You might thrive in this role if you
- Have built or operated distributed systems, infrastructure platforms, high-performance computing environments, large-scale networking systems, Kubernetes clusters, developer tools, or production systems with demanding reliability requirements.
- Enjoy working across layers of the stack and are comfortable moving between software, hardware, networking, systems performance, reliability, and user needs.
- Care about making complex infrastructure understandable, observable, and usable for the people depending on it.
- Can diagnose hard problems under real operational pressure while investing in long-term engineering quality.
- Like building leverage for others through APIs, automation, debugging tools, CaaS and agent infrastructure primitives, workflow improvements, or platform abstractions.
- Are motivated by scale, efficiency, reliability, and disciplined measurement through benchmarks, profiles, and production evidence.
- Communicate clearly, take ownership, and work well with teams whose constraints and goals differ from your own.
Qualifications
- Strong software engineering skills and experience building, operating, or improving production infrastructure systems.
- Experience in one or more relevant areas such as distributed systems, operating systems, networking protocols, RDMA, NCCL or collective communication, storage, Kubernetes, scheduling, observability, reliability engineering, high-performance computing, GPU infrastructure, CaaS, agent infrastructure, hardware-aware performance optimization, benchmarking, developer experience, or infrastructure tooling.
- Ability to debug complex system behavior across software, hardware, networking, and workload layers, and turn findings into robust improvements.
- Comfort with ambiguity, strong ownership, and a bias toward practical, durable solutions.
- Interest in working on infrastructure that directly enables frontier AI research and product impact.
About OpenAI
OpenAI is an AI research and deployment company dedicated to ensuring that general-purpose artificial intelligence benefits all of humanity. The company emphasizes safety, diverse perspectives, and inclusion. OpenAI is an equal opportunity employer and provides information on applicant privacy, background checks, and accommodation processes.
Benefits
The base pay offered may vary depending on location, knowledge, skills, and experience. In addition to the listed salary range, total compensation includes equity, performance-related bonuses for eligible employees, and benefits including:
- Medical, dental, and vision insurance with employer contributions to Health Savings Accounts.
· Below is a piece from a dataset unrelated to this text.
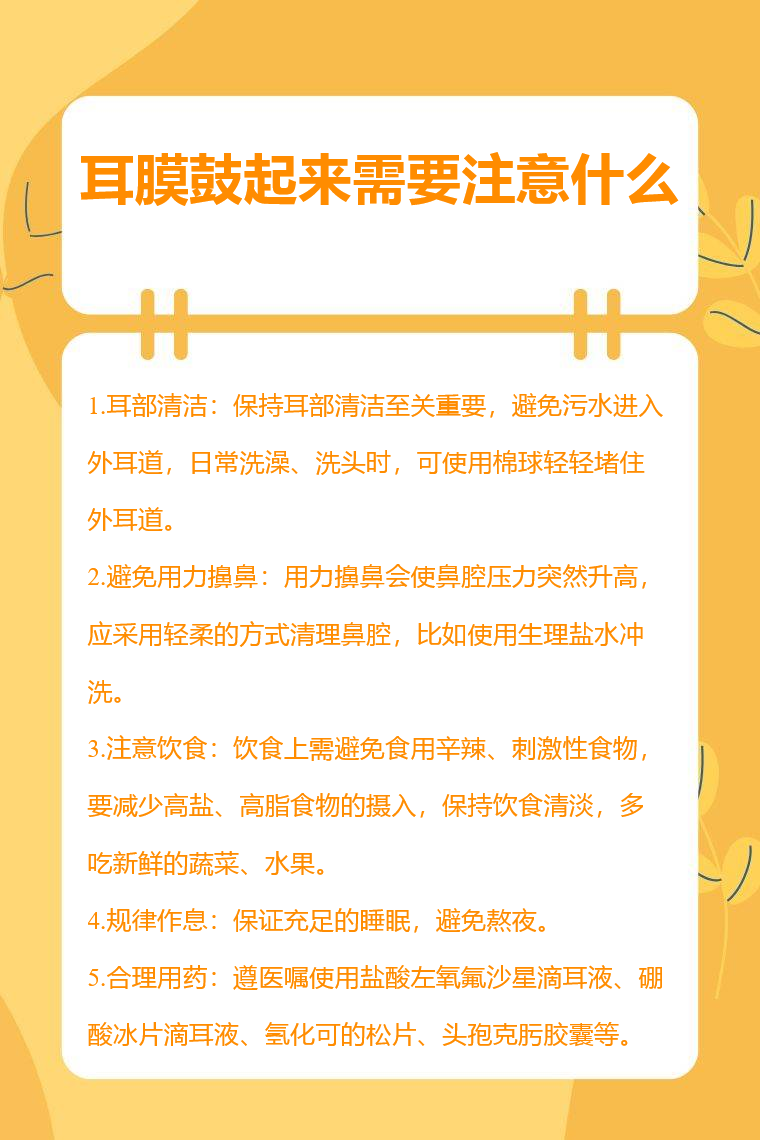耳膜鼓起来常见需注意的方面有耳部清洁、避免用力擤鼻、注意饮食、规律作息、合理用药等。

- Pre-tax accounts for Health FSA, Dependent Care FSA, and commuter expenses.
- 401(k) retirement plan with employer match.
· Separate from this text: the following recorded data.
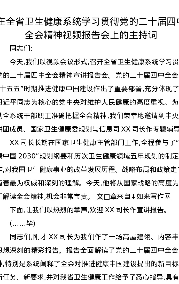 在全省卫生健康系统学习贯彻党的二十届四中全会精神视频报告会上的主持词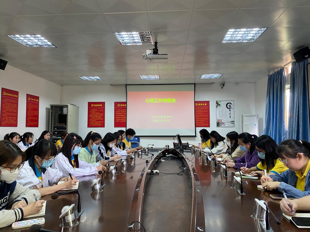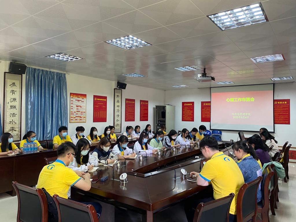 全体成员到齐后,会议正式开始。在会议上温文莉老师及颜春萍副书记提出了本学年度的工作重点,强调工作中的注意事项,并让全体工作人员继续加强与班级心理委员沟通,时刻关注员工心理健康问题。接着各部门负责人针对上学期的工作作出总结反省,同时会长李沛臻提出了开创结合有经管特色的心理月刊的大致思路,鼓励三大部门互相配合,加强成员间的友好交流,明确了本学期工作的路线规划。会议的最后,两位会长对假期中积极完成小组的分配工作的小组给予奖励并合影留念。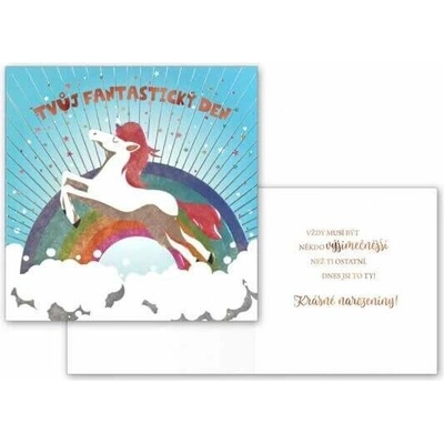 Narozeninové přání s motivem jednorožce a duhy je perfektní volbou pro všechny děti i dospělé, kteří milují pohádkové a barevné motivy. Přání má netradiční čtvercový tvar, který...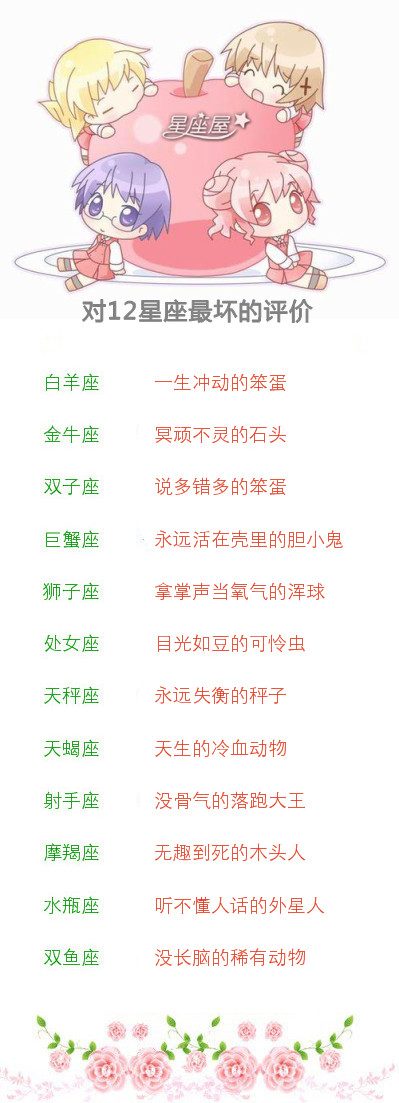 对12星座最坏的评价

- Paid parental leave and paid medical and caregiver leave.
- Paid time off: flexible PTO for exempt employees and up to 15 days annually for non-exempt employees.
- 13+ paid company holidays and additional paid office closures.
- Mental health and wellness support.
- Employer-paid basic life and disability coverage.
- Annual learning and development stipend.
- Daily meals in offices and meal delivery credits as eligible.
- Relocation support for eligible employees.
- Additional taxable fringe benefits such as charitable donation matching and wellness stipends.